_Items listed in a dataset_
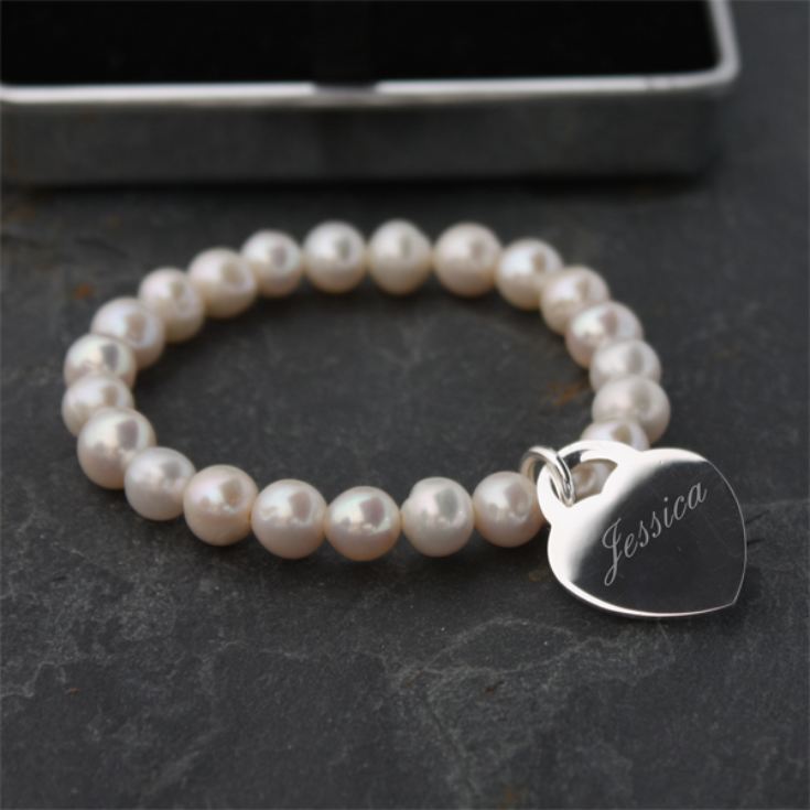The bracelet is made from Fresh Water Pearls and has a heart pendant which is engraved with a name or short message of your choice.
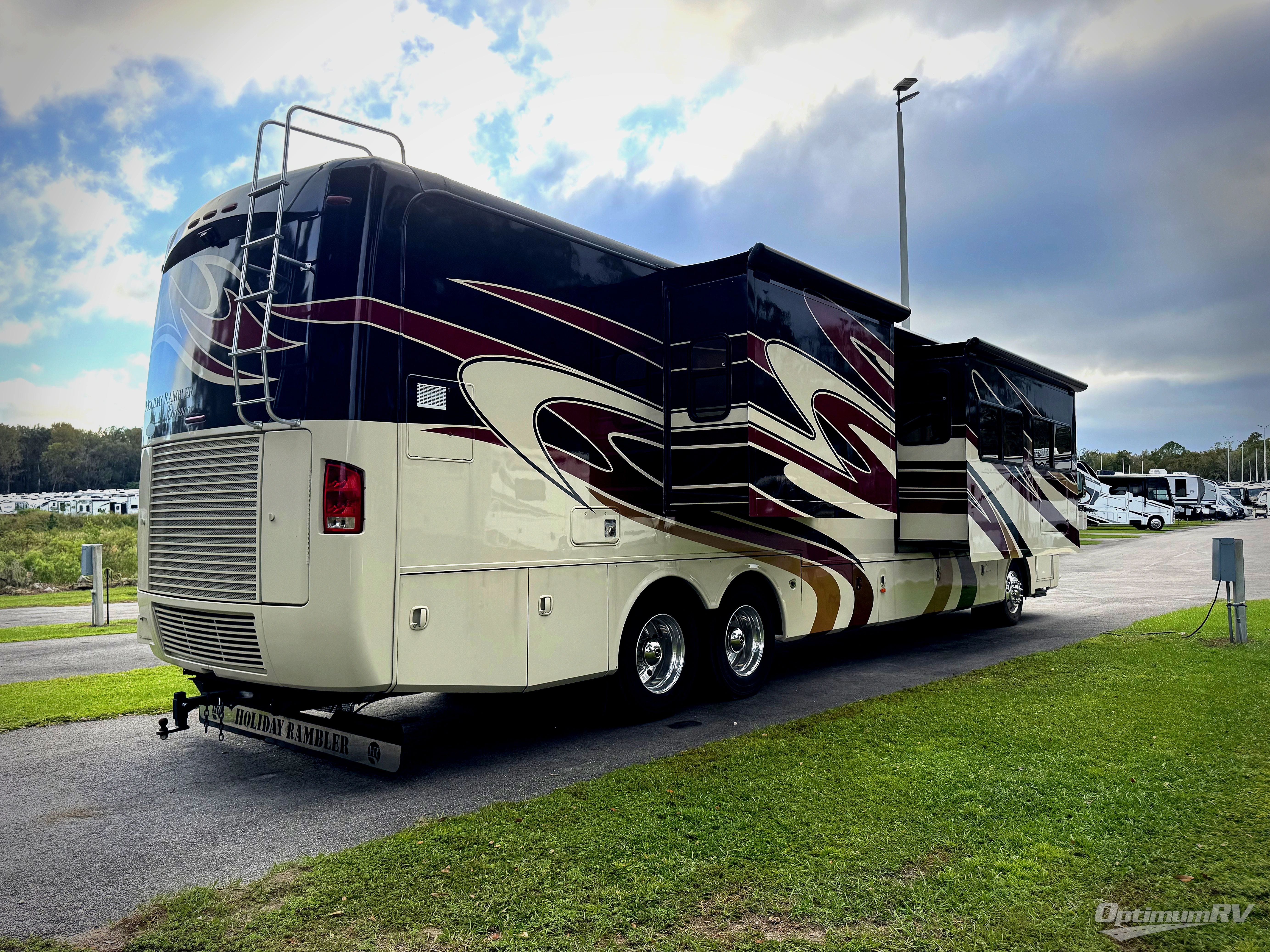 Holiday Rambler Endeavor Class A Diesel Motor Home w/Tag Axle & Full Wall Slideout, Rear Full Bath Including End Wall Wardrobe, Vanity w/Dbl. Sinks, Toilet & Corner Shower, 26" LCD TV/Dresser/Washer/Dryer Prep/Refrig./Dbl. Kitchen Sink/2 Burner Cooktop w/Microwave Above/Pull-Out Galley and 68" Sofa Full Slide, Overhead Storage Above Cab Area, 75" Sofa & Dinette w/Chairs & Overhead Cabinet Slide, 40" LCD TV, 1/2 Bath w/Sink and So Much More!
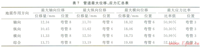 5)綜合地震作用所產(chǎn)生的管道位移、應(yīng)力較任一單方向地震作用高,說(shuō)明綜合地震載荷對(duì)管道的破壞最大。
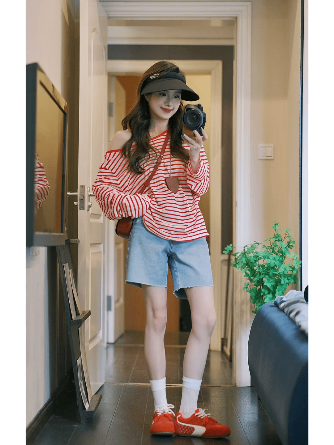 除了版型宽松以外,牛仔短裤的长度也要注意,像这种四分裤的长度就刚刚好,而且那种裤腿毛边设计会显得更加随性有个性,搭配一件宽松的条纹T恤,如果是小个子女生,选择这种露单肩的款式,就不会压个子,反而会显瘦显高。
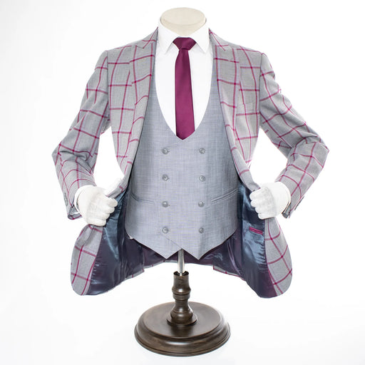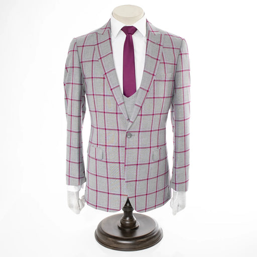 Gray And Fuchsia Plaid 3-Piece Slim-Fit Suit
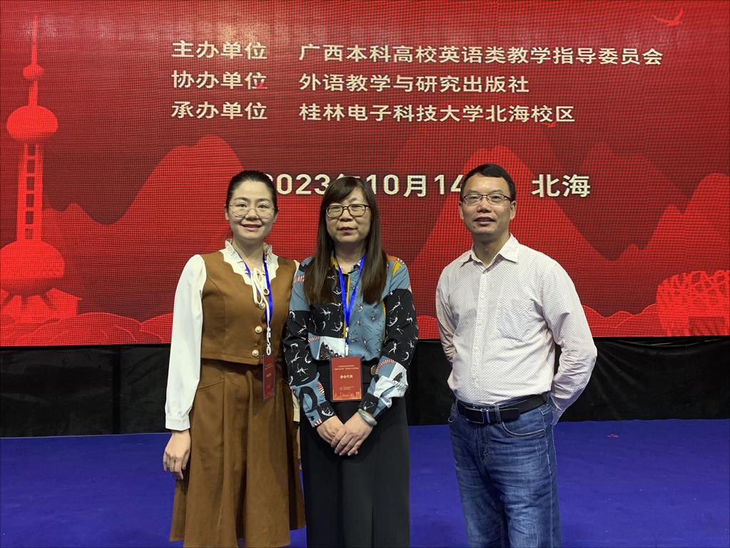 为全面贯彻党的二十大精神,深入推进《习近平谈治国理政》多语种版本进高校进教材进课堂(以下简称“三进”)工作,深化外语教学改革和课程思政建设,由广西本科高校英语类教学指导委员会主办的“理解当代中国”外语教学工作培训会于10月14日在广西北海举行。beat365官网大学外语部主任梁雪清及陆耀雁、廖雯琦老师参加培训会。

_Task description_
Precisely the lines from the one containing "Holiday Rambler Endeavor" to the end of the data above, both included, should be printed; leave the pictures out.

_Written solution_
 Holiday Rambler Endeavor Class A Diesel Motor Home w/Tag Axle & Full Wall Slideout, Rear Full Bath Including End Wall Wardrobe, Vanity w/Dbl. Sinks, Toilet & Corner Shower, 26" LCD TV/Dresser/Washer/Dryer Prep/Refrig./Dbl. Kitchen Sink/2 Burner Cooktop w/Microwave Above/Pull-Out Galley and 68" Sofa Full Slide, Overhead Storage Above Cab Area, 75" Sofa & Dinette w/Chairs & Overhead Cabinet Slide, 40" LCD TV, 1/2 Bath w/Sink and So Much More!
 5)綜合地震作用所產(chǎn)生的管道位移、應(yīng)力較任一單方向地震作用高,說(shuō)明綜合地震載荷對(duì)管道的破壞最大。
 除了版型宽松以外,牛仔短裤的长度也要注意,像这种四分裤的长度就刚刚好,而且那种裤腿毛边设计会显得更加随性有个性,搭配一件宽松的条纹T恤,如果是小个子女生,选择这种露单肩的款式,就不会压个子,反而会显瘦显高。
 Gray And Fuchsia Plaid 3-Piece Slim-Fit Suit
 为全面贯彻党的二十大精神,深入推进《习近平谈治国理政》多语种版本进高校进教材进课堂(以下简称“三进”)工作,深化外语教学改革和课程思政建设,由广西本科高校英语类教学指导委员会主办的“理解当代中国”外语教学工作培训会于10月14日在广西北海举行。beat365官网大学外语部主任梁雪清及陆耀雁、廖雯琦老师参加培训会。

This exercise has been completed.